[Extracted records]
☆ ☆ ☆ ☆

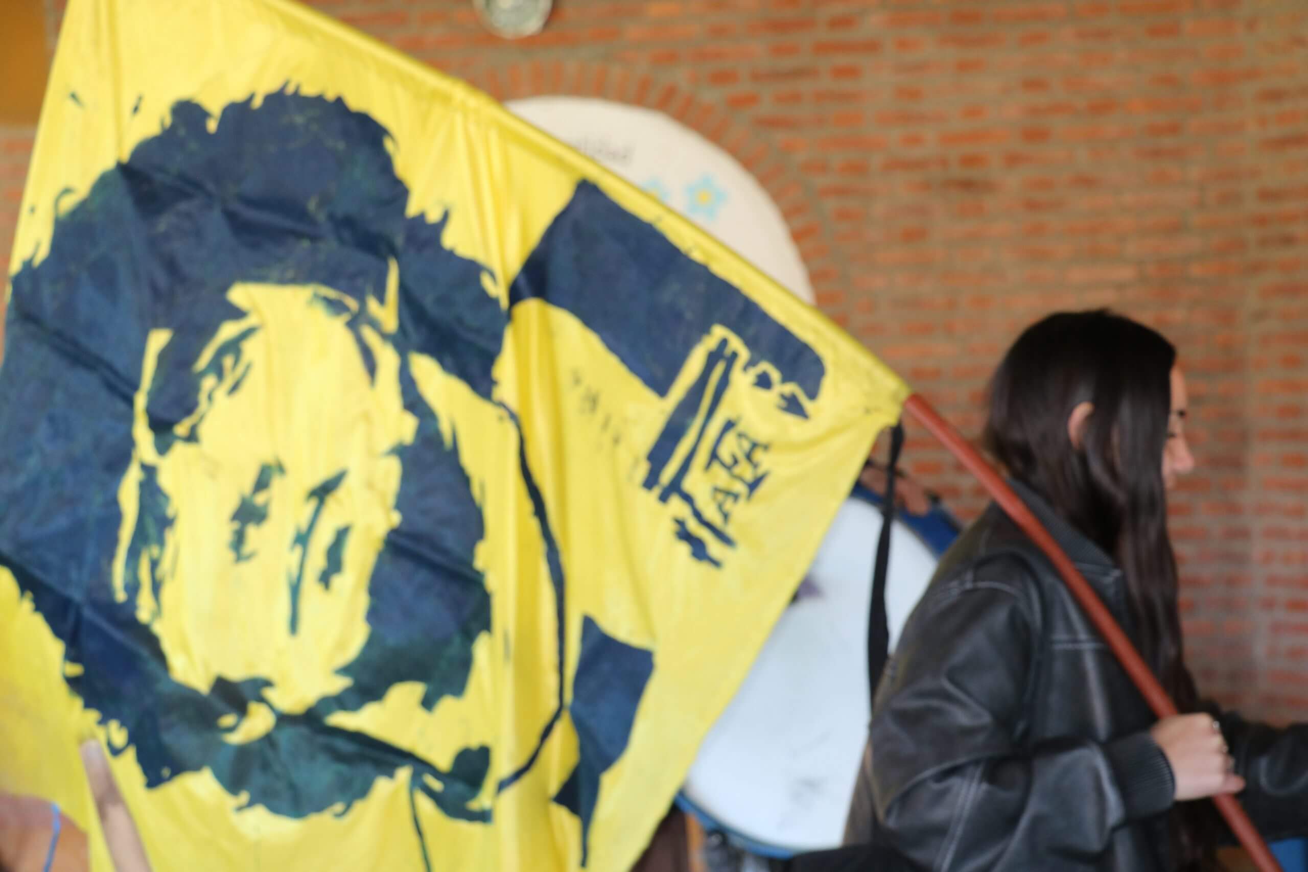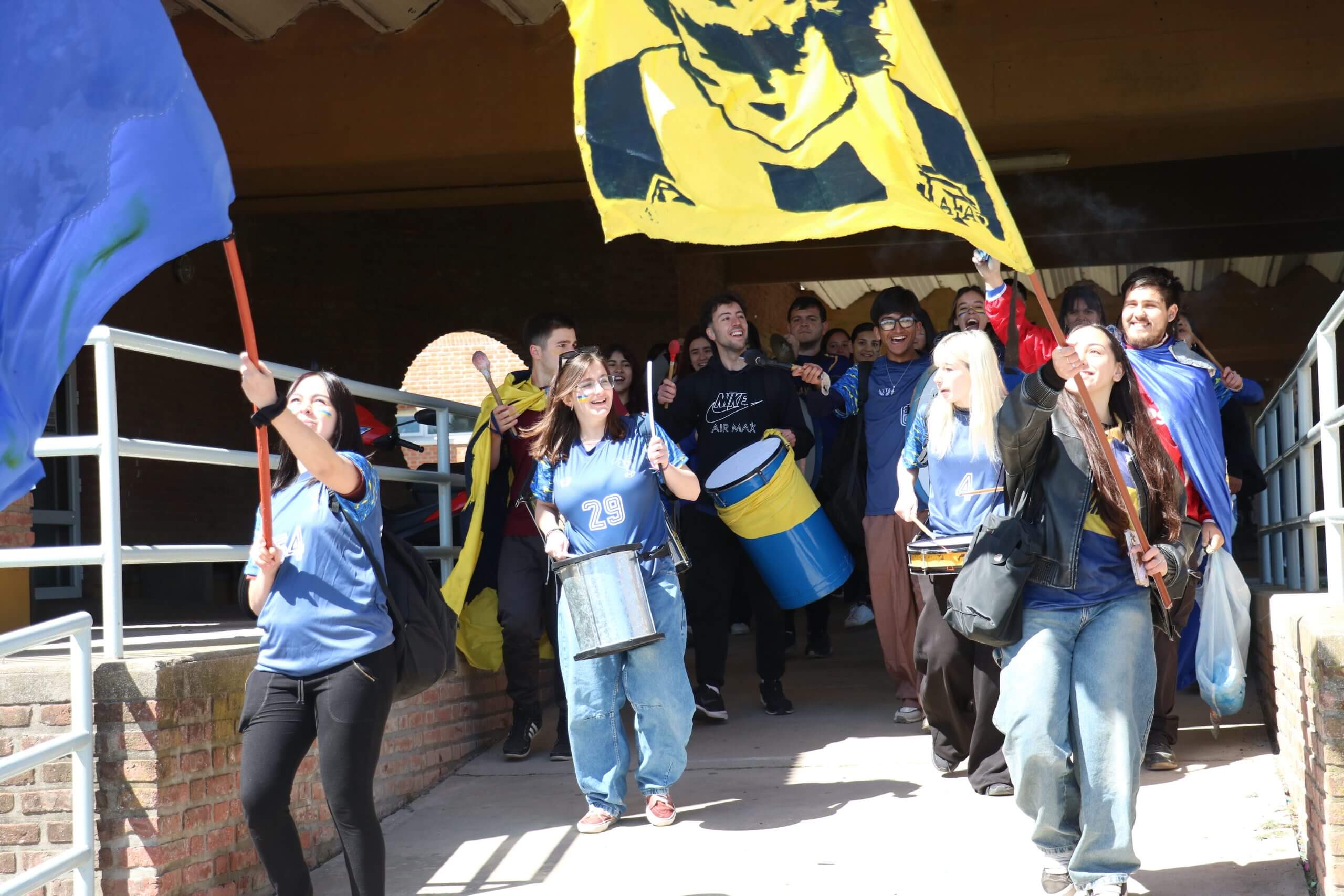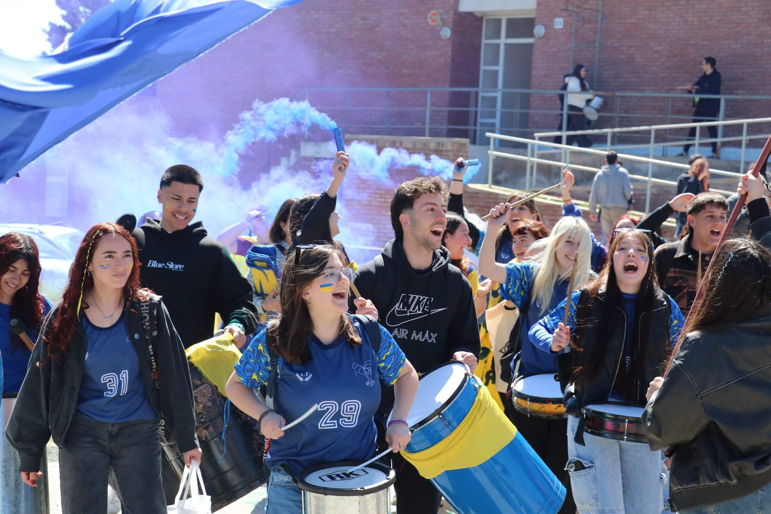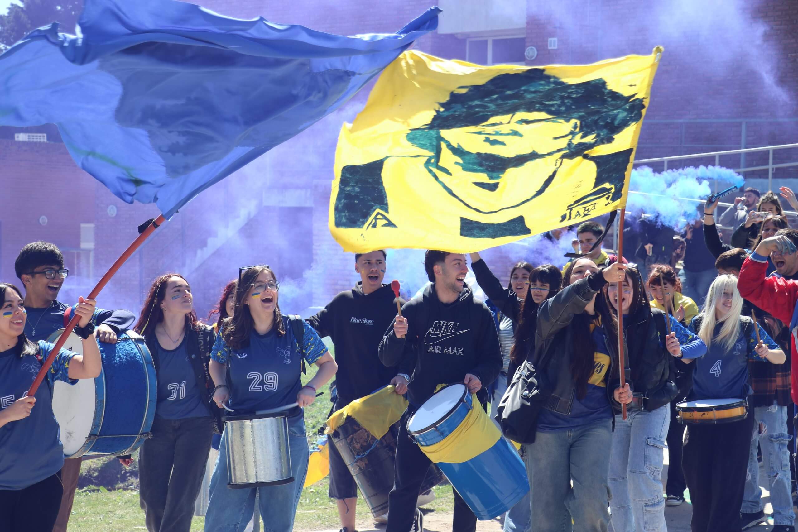 La previa de la FCH arrancó con todo. Lxs estudiantes caminaron juntos hacia el gimnasio, al ritmo de los bombos y bengalas que llenaron de color la entrada. Luego, ya en el predio, hicieron su clásica entrada triunfal con el boxitracio, sumando la energía de su mascota tradicional y los colores que identifican a la FCH.
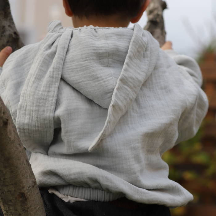 La sudadera de muselina está diseñada para ser lo más cómoda para tu bebé. Incorporamos elásticos que permiten el ajuste ideal para cualquier tipo de cabeza. Es una pieza original y confeccionada a mano con el fin de buscar el confort.
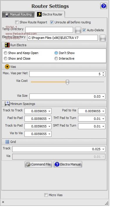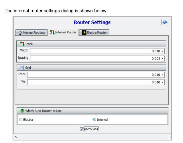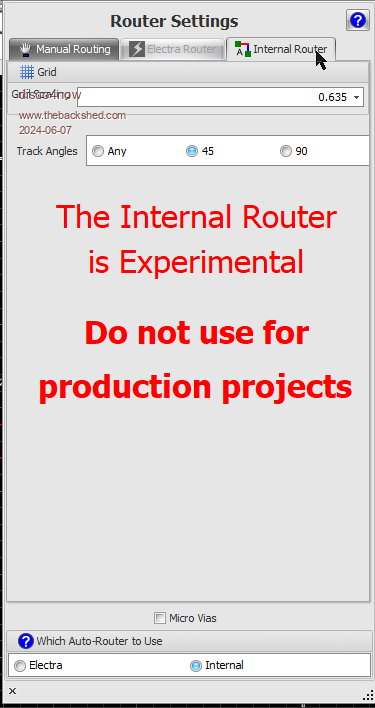 I still can't seem to autoroute.  Here are my settings pages.  I note that I do not have any option tab for Ïnternal Router  on the Router Settings page.  Is there any way around this?
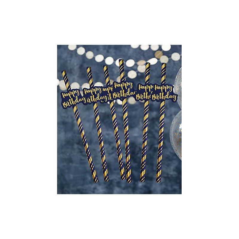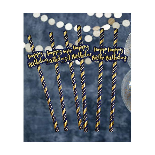 Alandra Party Happy Birthday Navy & Gold Metallic Straws, Pack of 6
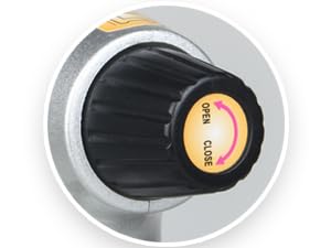 Adjustable temperature regulator provides perfect flame control, allowing the flame temperature to reach up to 1300 °C / 2372 °F. Press the button to ignite the flame, then turn the safety lock clockwise, and the flame will keep burning without continuous pressure. Baking and cooking become much easier.
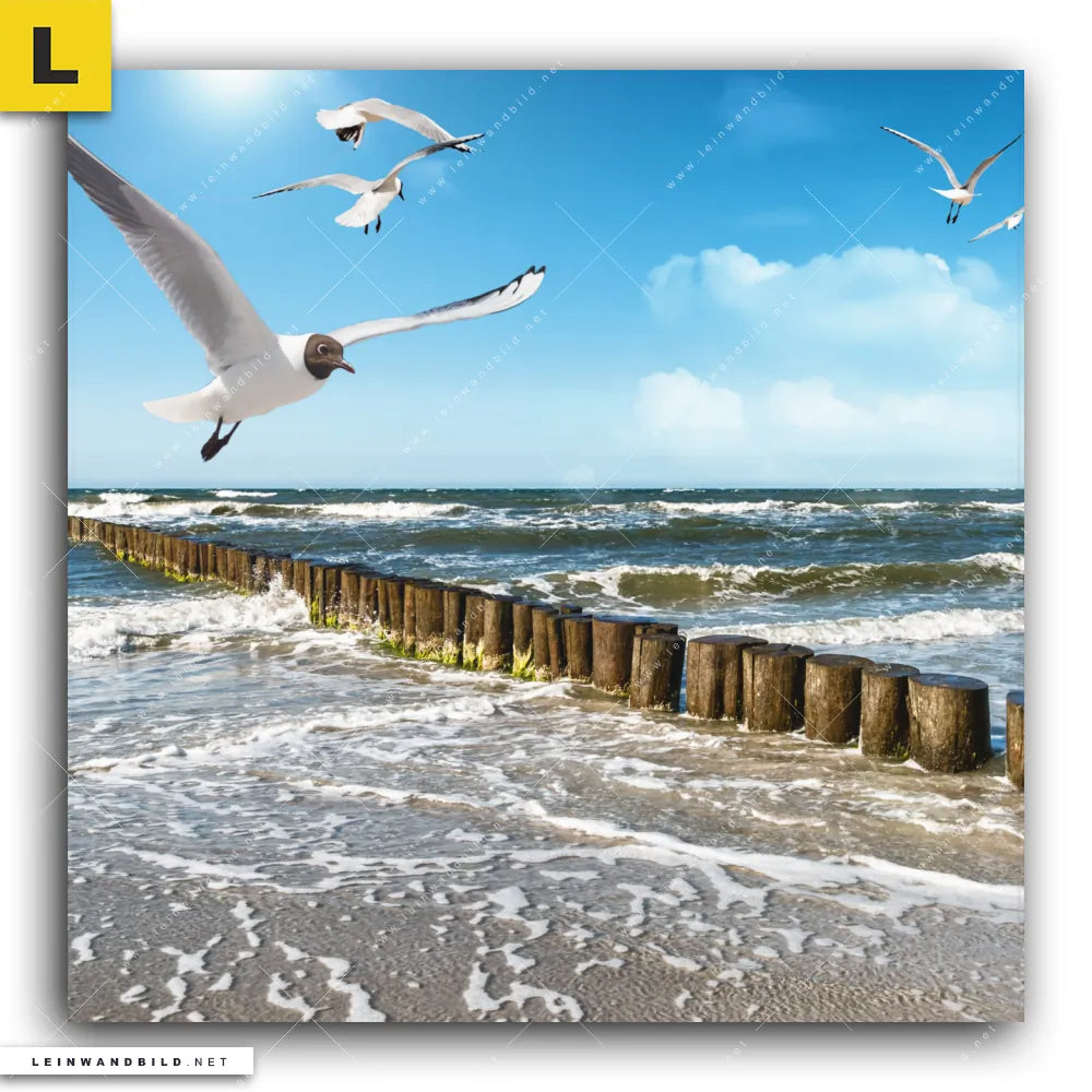 Du konfigurierst Dein individuelles Leinwandbild | Ostseeküste & Möwen | Quadrat und wir produzieren es NEU für Dich. Unsere Strand - Meer, Landschaften Leinwände sind KEINE Lagerware. Du bist Dir unsicher, welches Motiv oder Format das richtige für dein individuelles Keilrahmenbild ist, dann helfen wir dir gerne weiter und beraten dich!
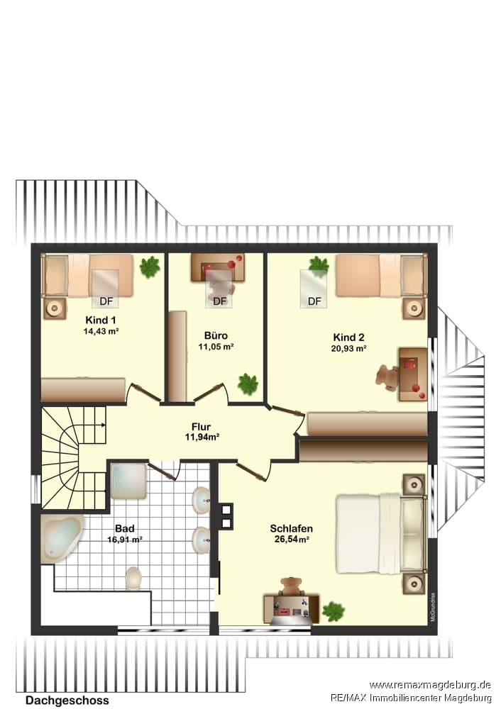 Im Dachgeschoss stehen der Familie vier weitere Zimmer, die als Schlaf-, Kinder- oder Arbeitszimmer genutzt werden können sowie ein großes, lichtdurchflutetes Badezimmer mit Dusche und einer Eckbadewanne zur Verfügung.
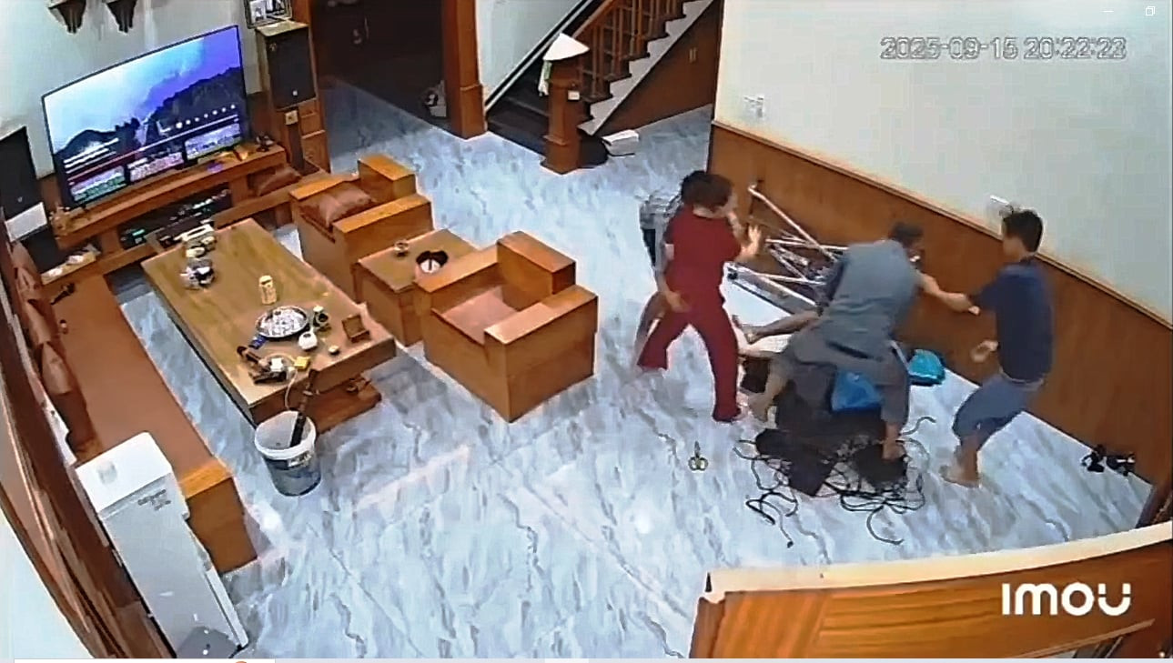 Đang ngồi trong nhà, một người đàn ông ở Ninh Bình bị nhóm người xông vào, dùng ấm pha trà đập vào đầu, rồi đấm đá liên tiếp mặc cho nạn nhân đã gục xuống sàn nhà.
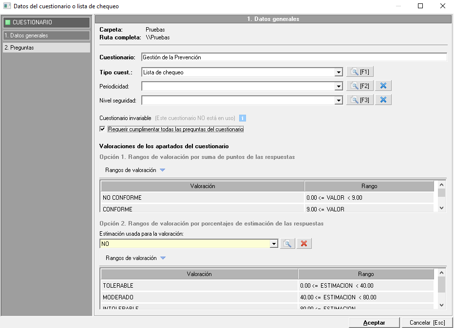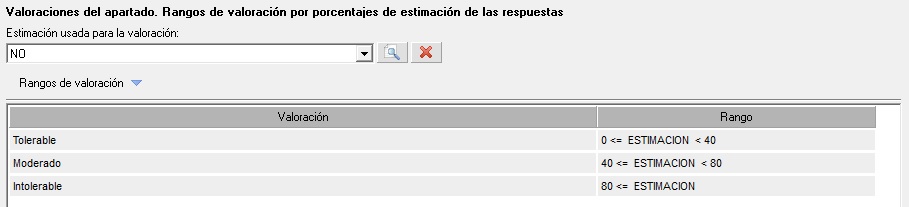 A continuación se calculará la valoración final del cuestionario, la cuál se obtendrá comparando el porcentaje de respuestas de la estimación seleccionada en el campo 'Estimación usada para la valoración', con los rangos definidos. En este caso no se tiene en cuenta el peso de cada apartado.
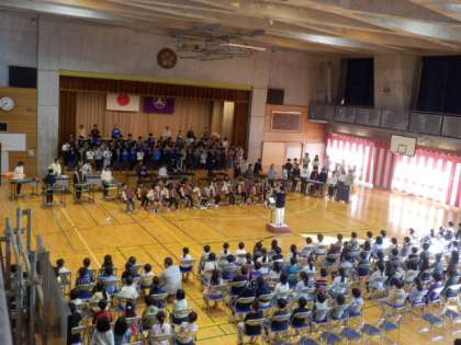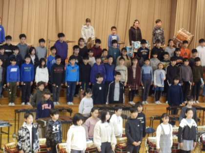 先日行われた「6年生を送る会」のお礼として、本日6年生が、合奏を聴かせてくれました。曲は「栄光の架橋」です。全員の気持ちと音が合った素晴らしい演奏となりました。聴いていた他の学年の児童や、来てくださった保護者の方から大きな拍手がわきました。
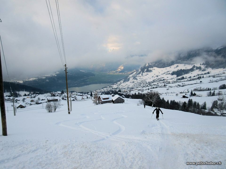 Abfahrt: Durchgehend traumhaft. Sonne bis fast ins Dorf hinunter. An den Rändern konnten wir noch eigene Linien ziehen. Wer sucht, der findet. Ganz unten hat es eine leichte Kruste, die überschneit ist. Stört aber nicht so.
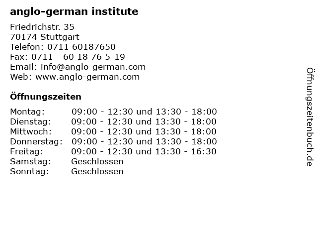 | Öffnungszeiten anglo-german institute in Stuttgart anzeigen | |
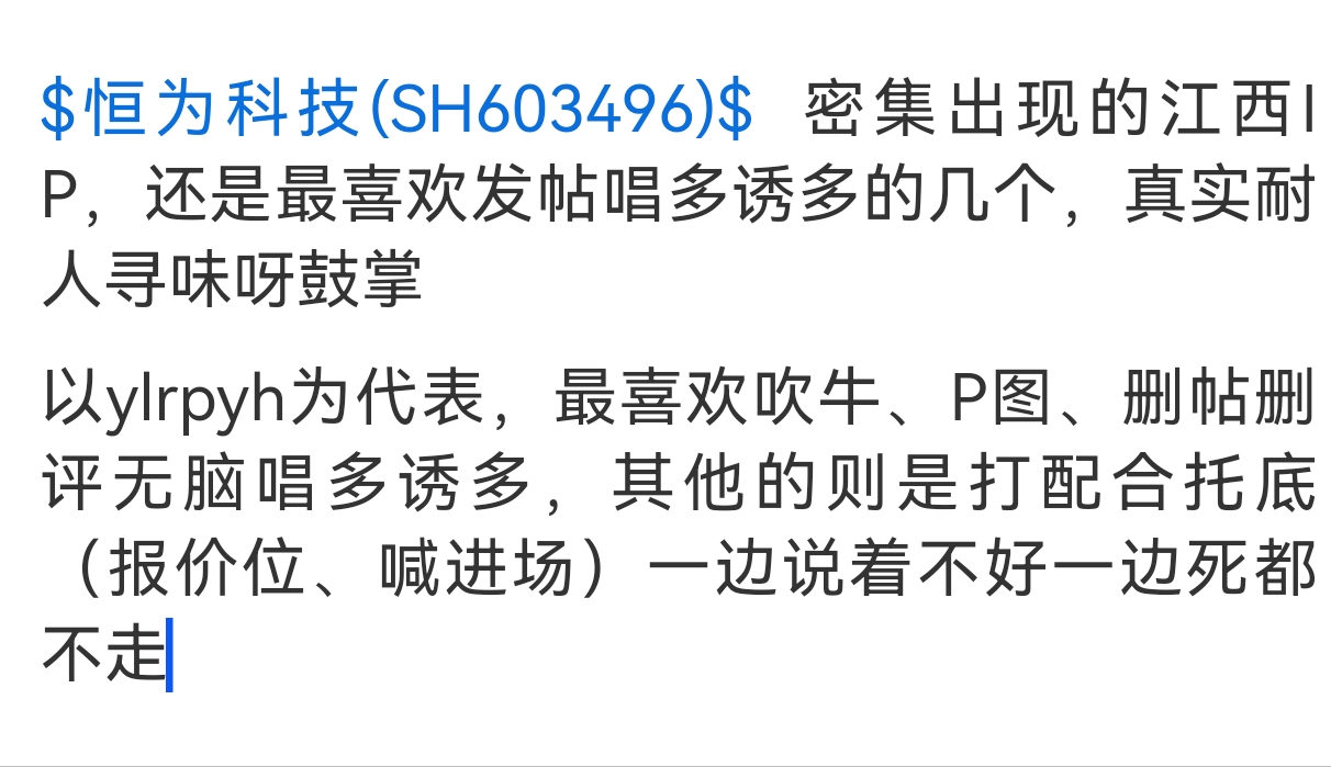 温馨提示: 1.根据《证券法》规定,禁止编造、传播虚假信息或者误导性信息,扰乱证券市场;2.用户在本社区发表的所有资料、言论等仅代表个人观点,与本网站立场无关,不对您构成任何投资建议。用户应基于自己的独立判断,自行决定证券投资并承担相应风险。《东方财富社区管理规定》

☆ ☆ ☆ ☆

__Task description__. Of the records above, print only the lines from the one containing "先日行われた「6年生を送る会" through the one containing "anzeigen | |", inclusive and unaltered, leaving out pictures.

__Output of the task__.
 先日行われた「6年生を送る会」のお礼として、本日6年生が、合奏を聴かせてくれました。曲は「栄光の架橋」です。全員の気持ちと音が合った素晴らしい演奏となりました。聴いていた他の学年の児童や、来てくださった保護者の方から大きな拍手がわきました。
 Abfahrt: Durchgehend traumhaft. Sonne bis fast ins Dorf hinunter. An den Rändern konnten wir noch eigene Linien ziehen. Wer sucht, der findet. Ganz unten hat es eine leichte Kruste, die überschneit ist. Stört aber nicht so.
 | Öffnungszeiten anglo-german institute in Stuttgart anzeigen | |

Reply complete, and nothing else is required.